▶ **EXERCISE DIRECTIONS**:
Could you output each line below precisely as it stands, without the images?

▶ **DATASET SECTION**:
= Beginning of Section =
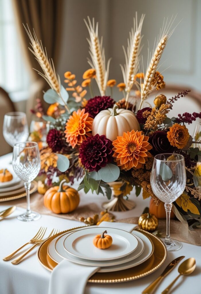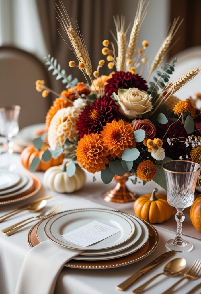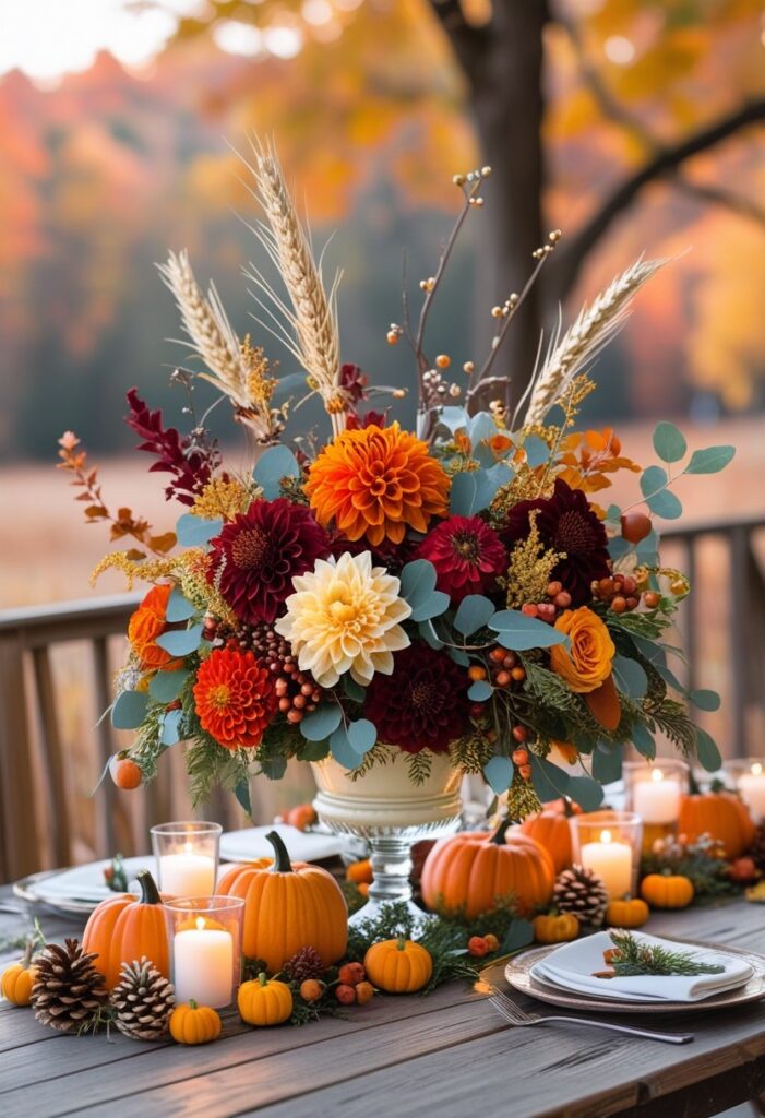 Elegant Fall Floral Centerpiece, Round Dining Table Centerpiece, Autumn Floral Arrangement, Pumpkin Decor — Style it with candles, pumpkins, and foliage for Thanksgiving, harvest parties, or autumn weddings. Works beautifully on dining tables, entry consoles, mantels, or buffet stations with cozy lighting. Pair with napkins, runners, and amber glass to build a rich palette that feels timeless and elegant.
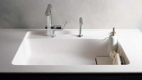 シンプルなデザインの人工大理石シンクです
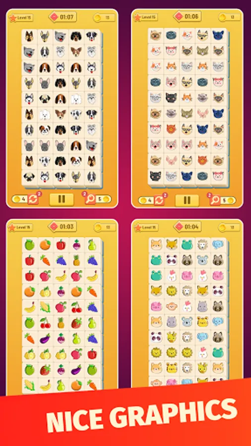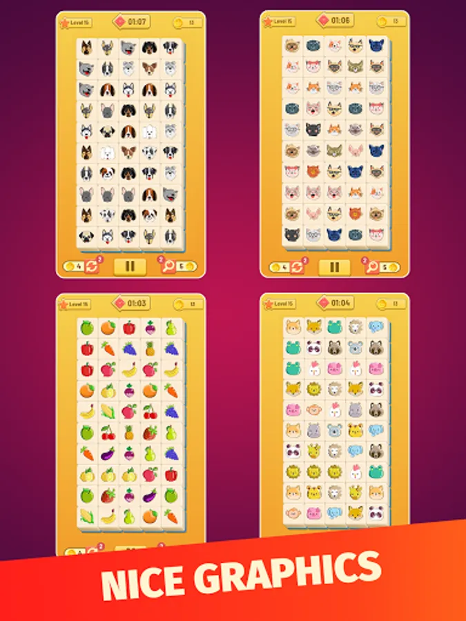 - Onet Connect Classic has many themes and layouts to choose from: fruits, jewels, animals, cake, candy, autumn, winter, kitchen, wardrobe, flowers...
= End of Section =
▶ **SOLUTION FOR THIS PROBLEM**:
 Elegant Fall Floral Centerpiece, Round Dining Table Centerpiece, Autumn Floral Arrangement, Pumpkin Decor — Style it with candles, pumpkins, and foliage for Thanksgiving, harvest parties, or autumn weddings. Works beautifully on dining tables, entry consoles, mantels, or buffet stations with cozy lighting. Pair with napkins, runners, and amber glass to build a rich palette that feels timeless and elegant.
 シンプルなデザインの人工大理石シンクです
 - Onet Connect Classic has many themes and layouts to choose from: fruits, jewels, animals, cake, candy, autumn, winter, kitchen, wardrobe, flowers...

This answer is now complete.